Asam amino eksitatorik seperti glutamat juga berperan penting dalam mekanisme cedera sel
iskemik tidak hanya dengan merangnsang aksotokstisitas neuron namun juga dengan
menstimulus masuknya sodium dan chlorida yag menyebabkan edema sitotoksik. Glutamat
normalmya dilepaskan ke synaps synaps saraf terrminal dalam konsentrasi milimolar, ia akan
memediasi transmisi synaptik eksitatorik dengan cara berikatan pada setidaknya dua reseptor
channel ion yang berpasangan, diantaranya N-methyl-D-aspartate (NMDA) dan non-NMDA
types seperti reseptor AMPA. Reseptor NMDA berkaitan dengan chanel kation voltage-
sensitive dan high-conductance yang permeabel terhadap sodium dan calcium. Dalam
keadaan normal, glutamat secara cepat akan dibersihkan dari synaps. Namun pada keadaan
iskemik, kadar glutamat ekstraseluler meningkat hingga > 150 kali lipat karena
pembersihannya yang terganggu. Kadar glutamat yang tinggi tersebut mengakibatkan cedera
sel saraf dan lial hingga kematian beberapa sel tersebut denga merangsang masuknya sodium,
chlorida dan air sehingga mengakibatkan pembengkakan sel yang luas.
Peran gaya hidrostatik, gaya osmotik, dan permeabilitas kapiler dalam pergerakan cairan
melintasi sel endotel kapiler digambarkan dengan persamaan Jv = KO(πc –πi) + KH (Pc –
Pi); dimana Jv ; aliran cairan keluar, yang ditentukan oleh tekanan hidrostatik kapiler (Pc),
teanan hidrostatik interstisial (Pi), tekanan osmotik kapiler (c), tekanan osmotik interstisial
(i), dan konduktifitas hidrolik (KH) serta konduktifitas osmotik (KO). Dalam keadaan normal
nilai KH dan KO hampir sama dengan nol.
Pada keadaan eedema ionik, yang mengikuti edema sitotoksik, nilai KO > 0 peningkatan
transpor ion dan cairan melalui NKCC1, SUR1-regulated NCCa-ATP channel, dan chanel air
aquaporin. Karena nilai KH tetap mendekati nol, maka Jv akan meningkat, dan terjadilah
transfer cairan transendotel, sehingga menyebabkan akumulasi cairan edema ionik. Pada
keadaan edema vasogenik, KO dan KH keduanya > 0, peningkatan KH karena adanya
kerusakan tight junction sel endotel akibat prothrombin, VEGF, dan matrix
metalloproteinases.
Edema ionik terjadi pada fase awal adanya disfungsi endotel, dema ini diakibatkan oleh
iskemik dan akan mendahului terjadinya edema vasogenik dalam 6 jam. Karena edema
sitotoksik sel neuroglial, rongga ekstraseluler otak kekurangan ion dan cairan, hal ini
menimulkan perbedaan gradien yang akan mendorong pergerakan air dan zat terlarut dari
kompartemen vaskuler ke rongga ekstraseluler, pergerakan ini akan terjadi saat adanya
peningkatan permeabilitas transendotel pada sawar darah otak. Peningkatan permeabilitas sel
endotel biasanya karena peningkatan aktifitas dan atau ekspresi dari protein transport ion
yang dipicu adanya iskemik atau metabolit yang toksik. Cairan edema ionik rendah protein
karena masih utuhnya tight junction di sawar darah otak. Tidak seperti sel neuron dan
astrosit, sel endotel tidak mempunyai voltage-gated sodium channels, karena itu
kotransporter sekunder aktif NKCC1, yang terdapat di sisi luminal endotel, berperan penting
dalam pembentukan edema ionik dengan memasukkan sodium dan chloride ke dalam sel.

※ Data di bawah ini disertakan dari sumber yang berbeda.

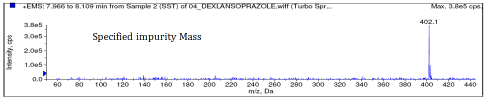 500 µg/ml of Dexlansoprazole spiked with 1 µg/ml of impurities and injected for specificity and system suitability purpose
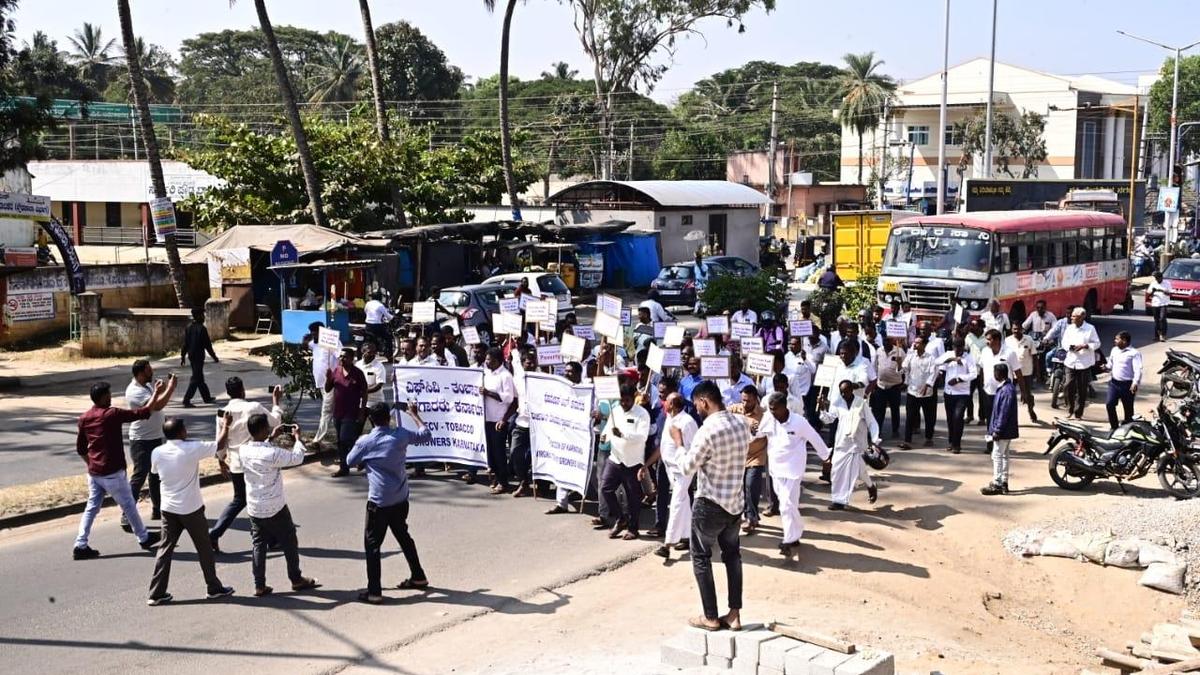 Tobacco farmers taking out a march to protest against the hike in duty on tobacco products in Periyapatna on January 5. | Photo Credit: Special Arrangement Tobacco growers of Karnataka, who took out a protest march in Periyapatna on January 5 and Hunsur on January 6 against the steep hike in duty imposed on tobacco products by the Centre, met Chief Minister Siddaramaiah in Mysuru on January 6 and urged him to write to the Centre to roll back the “excessive” increase in duty. The tobacco growers condemned the Union Finance Ministry’s recent notification of Chewing Tobacco, Jarda Scented Tobacco and Gutkha Packing machines (Capacity Determination and Collection of Duty) Rules 2026, which come into force from February 1. The growers, who had gathered under the aegis of Federation of Karnataka’s Virginia Flue Cured (VFC) Tobacco Growers’ Association, handed over a memorandum to the Periyapatna tahsildar on January 5 and Hunsur Assistant Commissioner on January 6. “We will hand over memorandums to MPs representing Mysuru, Mandya, Chamarajanagar and Hassan, which are tobacco growing regions in Karnataka,” the federation’s general secretary Vikram Raj Urs told The Hindu. The recent notification issued by the Centre announced the hike in duty on tobacco products from 53% to a whopping 82%, Mr. Urs claimed, adding that the new rules effectively impose an excise duty ranging from ₹2,050 to ₹8,500 per 1,000 sticks, depending on the length of the cigarette and its filter. The tobacco growers fear that the steep hike in duty will force domestic manufacturers to raise the prices of finished goods, which will in turn lead to a drop in sales and indirectly hurt the supplies from farmers. “This could cause a glut in the tobacco crop market in the near term,” the federation’s president H.G. Paramesh said in a statement. In the memorandum submitted to the Chief Minister, the federation said the tobacco crop earned a foreign exchange of ₹16,728 crore in 2024–25 while the livelihoods of tobacco farmers, agricultural labourers, warehouse workers, transporters and others employed in the domestic cigarette ecosystem depend on the stability of the domestic cigarette industry. “We are already suffering under the burden of an extremely high taxation rate on cigarettes (which use FCV tobacco) which on per kg basis is more than 50 times higher than beedis and more than 30 times higher than chewing tobacco, thereby unfairly penalising the VFC tobacco farmers,” the memorandum said. Apart from the drop in demand for domestic VFC tobacco leaf, the sharp rise in retail prices of cigarettes will lead the consumer to substitution by way of cheaper illicit cigarettes. The availability of smuggled cigarettes at a cheaper price will cause a revenue loss, the federation said. Published – January 06, 2026 07:17 pm IST Share this: Click to share on WhatsApp (Opens in new window) WhatsApp Click to share on Facebook (Opens in new window) Facebook Click to share on Threads (Opens in new window) Threads Click to share on X (Opens in new window) X Click to share on Telegram (Opens in new window) Telegram Click to share on LinkedIn (Opens in new window) LinkedIn Click to share on Pinterest (Opens in new window) Pinterest Click to email a link to a friend (Opens in new window) Email More Click to print (Opens in new window) Print Click to share on Reddit (Opens in new window) Reddit Click to share on Tumblr (Opens in new window) Tumblr Click to share on Pocket (Opens in new window) Pocket Click to share on Mastodon (Opens in new window) Mastodon Click to share on Nextdoor (Opens in new window) Nextdoor Click to share on Bluesky (Opens in new window) Bluesky Like this:Like Loading... Post navigation High-level Parliamentary Standing Committee visits Auroville Thrissur ready to host 64th State School Arts Festival from January 14
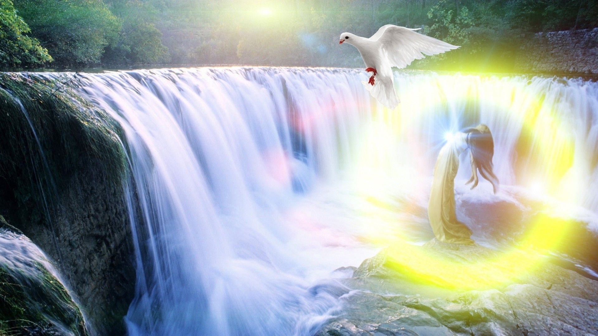 ![Водопад и птицы]()
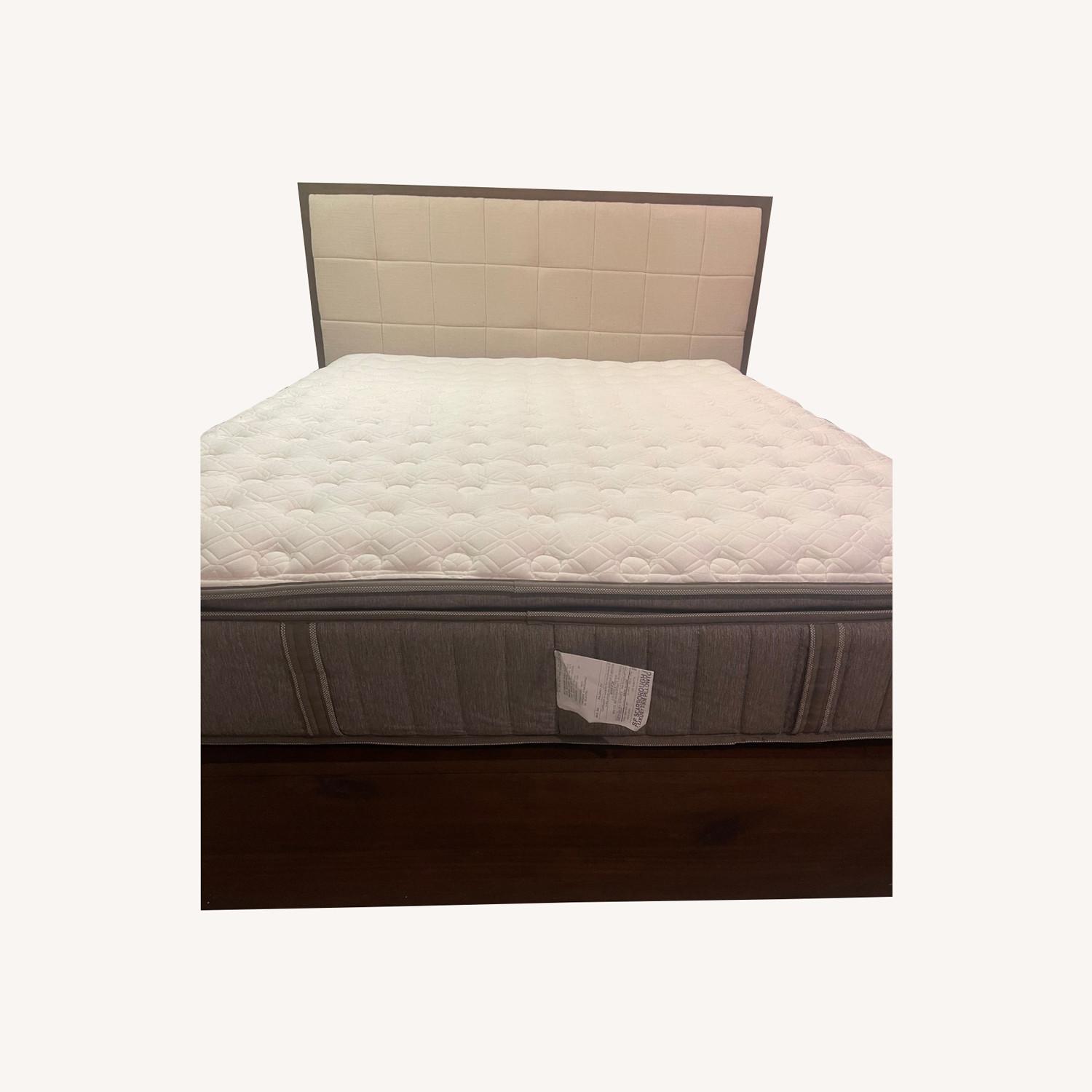 Seller's Notes:Casually elegant Hayden showcases the beauty and grain of acacia wood with a rich, chocolate brown finish. The perfect bed, top to bottom, Hayden's tailored and tufted headboard tops off six hidden drawers below. I LOVE this bed frame and it makes me so incredibly sad to part ways with it. This design is discontinued as well. Super sleek and tons of room in the drawers below. Really hoping to find someone who loves this as much as I do! No damages except for a very minor scuff from an office chair on one of the corners. Easily remedied with a little attention.

Sodium di dalam sel kapiler kemudian akan didorong ke rongga ekstraseluler otak oleh
pompa Na+-K+-ATPase, yang ada di sisi membran adluminal sel kapiler, sedangnkan
chloride melalui chanel anion.
Setelah edema ionik di fase pertama, kemudian di fase kedua disfungsi endotel akibat
iskemik terjadi edema vasogenik, yang ditandai rusaknya tight junctions di sawar darah otak
dan diikuti akumulasi cairan ke rongga intersisial. Penyebab peningkatan permeabilitas
kapiler pada fase edema vasogenik diduga akibat gabungan dari pembengkakan endotel
karena edema sitotoksik, retraksi sel endotel akibat polimerasi aktin, pembentukan gap
interendotel, kerusakan tight junction, dan degradasi enzimatik membrana basalis sel endotel
dan mekanisme lain yang masih belum diketahui. Faktor yang diinduksi iskemia seperti
thrombin, VEGF dan matrix metalloproteinase dapat mengganggu integritas sawar darah
otak seperti telah dijelaskan sebelumnya.